Writing has been a skill I have worked hard to improve for as long as I can remember. As much as I believe I was born to be a teacher, I have made myself a writer. I live with my husband and two sons, who are my most indulgent, devoted supporters. And, I teach 8th grade English students, for whom I continue to seek my greatest potential, for my best will influence their endless possibilities.

I was born in Massachusetts and moved to Pennsylvania before I could walk. I grew up the eldest of three, the only girl, and that’s just the way I still prefer it. As a child, my mother tells me I was very helpful to her with my two younger brothers, although she claims she never meant to do to me what her mother did to her. She said she apologized for engaging me in “mother’s helper” duties, but I don’t remember. Nor has it ever bothered me. Being the big sister has helped me become the mother I am today (as have many of the other lessons she unintentionally taught me) by understanding how two boys can play tug-o-war over toys and moments later beg to sleep side by side reading bedtime stories together.

I was a chubby little girl who did what she was supposed to do most of the time in school and out. I was not meant to be an athlete. My one season playing softball was my lesson in not quitting something I’ve started. The rest I wish I could forget. I was a Brownie and a Girl Scout for a while, and I learned some good lessons from those kind, smart, creative women. If any of you are reading this, thank you for teaching me how to be a reliable friend, give myself a manicure, how to properly make a bed, and how important it is to make time for other people. I played the piano and the violin—both short lived, but I was introduced to the world of music.

I began singing in the middle school chorus under the talented direction of another wonderful woman who I know still supports anything creative I undertake. I caught that theatre bug that gets some people get sick while others learn how to manage it like a seasonal allergy. I spent the next fifteen years performing in musical theatre and experiencing the humility and pride that comes with singing in front of audiences on stage in a range of roles that have become a part of who I am today. A few of my favorites are Rizzo in Grease, Liat in South Pacific, and the Narrator in Joseph and the Amazing Technicolor Dreamcoat. I remember my grandparents (I miss them a whole lot) taking me on my first trip to NYC and seeing Joseph…. I still can see the stage lights and smell the makeup in the air. Pursuing Broadway was one of my first dreams; I rode that fantasy to college, but then the practical side of me outlasted those musical dreams. My best friend and I have a lot of memories from these experiences that would probably make some really interesting stories, but as the saying goes, “What happens in Vegas, stays in Vegas.”

My parents divorced when my brothers and I were in high school, and as I am now a parent, I can look back and say that we are better adults for it. I now enjoy my relationships with my parents and understand that strong, intelligent people learn from their mistakes and move on. They don’t dwell in the past and they don’t preserve pain. This would probably count as one of those lessons that were unintentionally taught. There are a lot of those, now that I think about it.

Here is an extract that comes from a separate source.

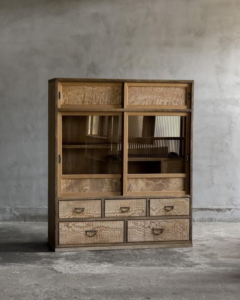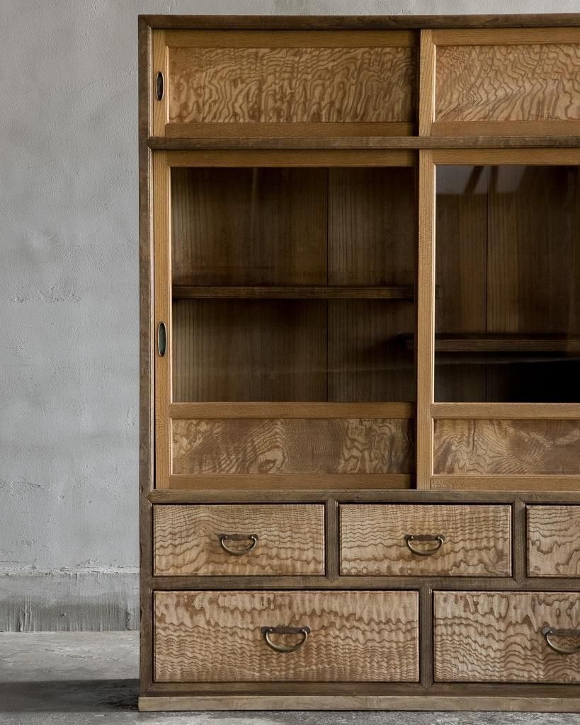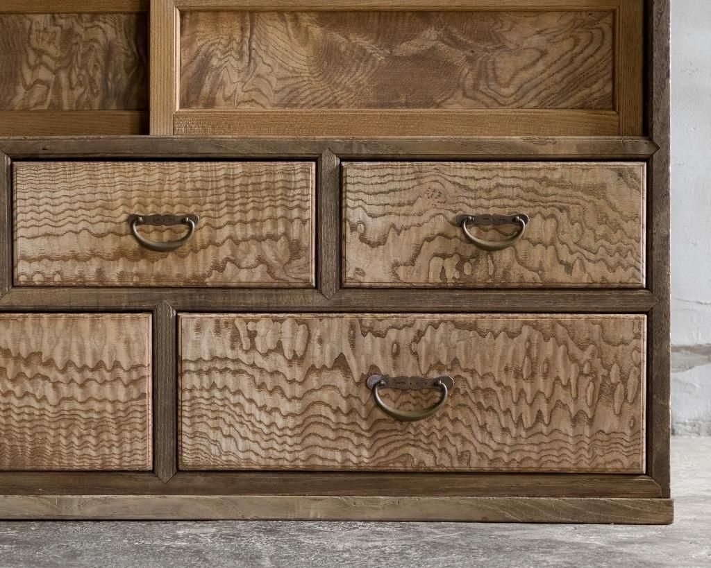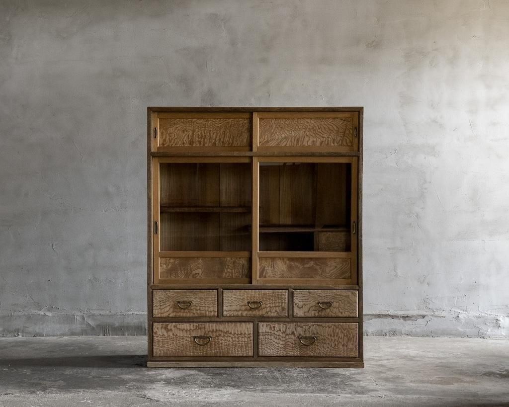 趣ある波杢の茶箪笥。
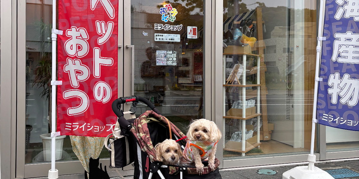 気仙沼市の内湾には商業観光施設の「迎(ムカエル)」「結(ユワエル)」、「拓(ヒラケル)」と、まちづくりの拠点施設「創(ウマレル)」の4施設があり、地元の食材を使ったグルメやここでしか購入できない土産と出会えるおすすめのスポットとなっている。この中の「創(ウマレル)」の建物の1階に、今年の4月無添加ペットフードを扱うお店「ミライショップ」がオープンした。

I graduated with a BA and a Masters of Arts in Teaching degree from the University of Pittsburgh. I returned to the town where I grew up and taught English in the same school district where I once attended. When I wasn’t teaching, I spent a lot of time performing in musical productions in the Central Pennsylvania area. I also assisted in the direction, choreography, and aspects of staging and production of both the middle and high school musicals in the same school district.

During this time, I became friends with the man who would later ask me to marry him on a school trip to Washington, D.C., with that talented woman I mentioned above and a middle school choir. We were performing in a festival and competition, and he decided to drive down for the day to join us for sightseeing in between our performances. I have to admit that I had no idea how my life would change.

After having two children and essentially abandoning anything that was unrelated to motherhood, which was my ultimate decision—one that I don’t regret for one second, my husband urged me to start writing. Writing wouldn’t require late night rehearsals and some of the other commitments I wasn’t willing to give of my time. I wanted to be able to go to T-ball games and watch my sons grow and learn in their classrooms and play outside with them in the yard after school. And, so, I began writing.